A cheese grater, several wooden spoons, an in-oven meat thermometer/timer. Basic spices and some good olive oil.

Tropical_Willie's avatar

Oven mitts, silicon mat for cookies ( start with simple ), thermometer for meat ( also instant thermometer ), whisks and spatula ( silicon are great ).

thorninmud's avatar

First and foremost, a digital scale, especially if you’re going to do much baking or pastry.

An immersion blender

janbb's avatar

Don’t know if you want to spring for them, but my Cuisinart food processor and Kitchen Aid mixmaster get used regularly.

coffeenut's avatar

A set of good knives…including a paring knife.

BarnacleBill's avatar

microplane
silicon baking mats
pizza stone
pizza cutter
small sieves
turkey forks/lifters
pastry and basting brushes

Cruiser's avatar

Pepper mill is a must. Garlic press, Sea Salt, good olive oil, Balsamic vinegar, and a good supply of fresh herbs.

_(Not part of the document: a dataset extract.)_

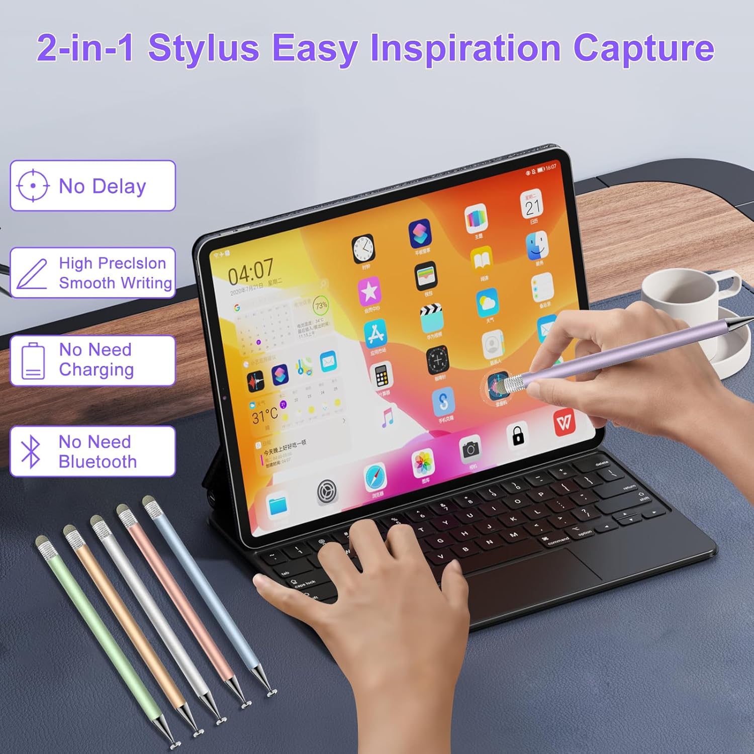 Stylus Pen for Touchscreen,2in1 High Precision Sensitivity Stylus, Suitable for iPhone/Ipad/Android Stylus for Ipad,Compatible with Touch(Silver/Blue/Gold/Green/Purple/Rose Gold)

Adirondackwannabe's avatar

You can have all the tools in the world and still suck as a cook. The best tool you’ll ever have is your sense of taste. Sample the stuff as you go and don’t ever serve anything without testing it first.

snowberry's avatar

If you like corn on the cob, don’t forget the corn cob holders.

A gravy strainer. Awesome for removing the fat off of meat broth. http://www.bonappetit.com/tipstools/tools/2009/11/gravy_strainer.

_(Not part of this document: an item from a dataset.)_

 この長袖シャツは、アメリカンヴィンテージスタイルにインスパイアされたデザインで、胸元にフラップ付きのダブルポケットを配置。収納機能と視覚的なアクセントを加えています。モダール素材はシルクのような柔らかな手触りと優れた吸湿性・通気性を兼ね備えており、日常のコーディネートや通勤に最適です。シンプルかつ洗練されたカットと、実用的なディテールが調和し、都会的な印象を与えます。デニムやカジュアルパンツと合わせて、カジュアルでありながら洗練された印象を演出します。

One of the best tips you’ll ever get is to make sure your spices and herbs are fresh. Not long ago I bought some organic curry at the local grocery store (I paid a small fortune for it too). The curry was so old, there was no taste left in it, but it still smelled vaguely like curry.

I find my herbs and spices seem to be fresher if I get them at a health food store. Maybe they get more turn over, or they pay closer attention to how long stuff has been on their shelves, but it’s worth a try.

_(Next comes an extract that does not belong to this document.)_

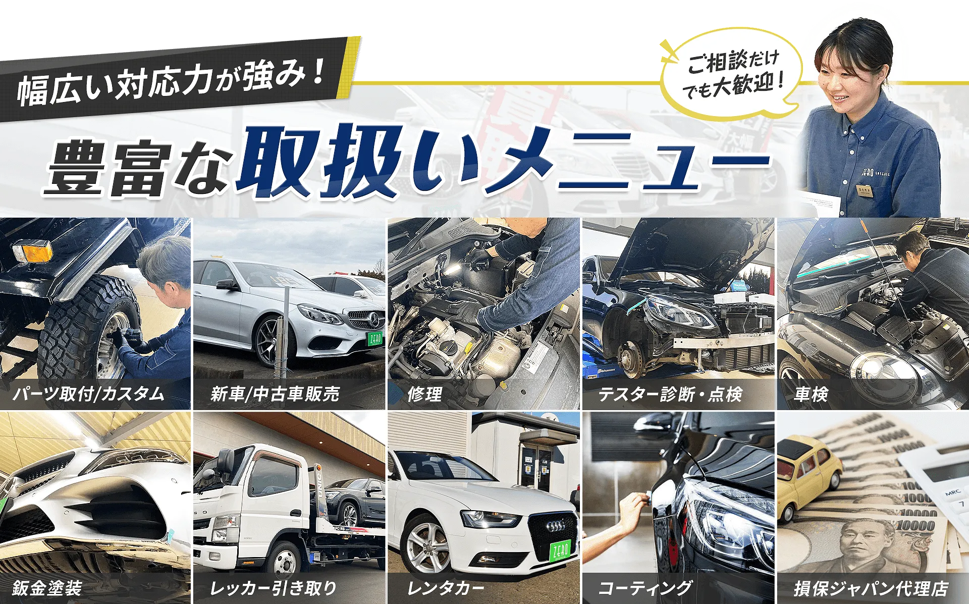 車種不問で、ほぼ100%のパーツ取付に対応します。

Also, store your spices in glass or plastic jars with tight sealing lids.

lynfromnm's avatar

A flour sifter, if you want to bake.

ucme's avatar

I agree with all of the above. Had this been in social I would have suggested a fire extinguisher, but it’s not….so I won’t.

janbb's avatar

Potato peeler!

iamthemob's avatar

A steamer and a double boiler.

The latter is essential for making a rue – which is essential for making everything velvety. ;-)

thorninmud's avatar

There’s a simple tool that is the fundamental tool in any French pastry kitchen, but for some reason never caught on in the States. The French call it a corne, but it’s usually called a “bowl scraper” here. That’s a woefully inadequate name. Yes, it will scrape out a bowl quicker and more completely than any spatula, but it’s also invaluable for a million other things: scraping flat surfaces, picking up and transferring chopped stuff from board to pan, mixing pastry doughs without developing their gluten, loading pastry bags, scraping stuck food off pans in the sink…French pastry cooks just keep it in their pocket because they’re constantly using it through the day.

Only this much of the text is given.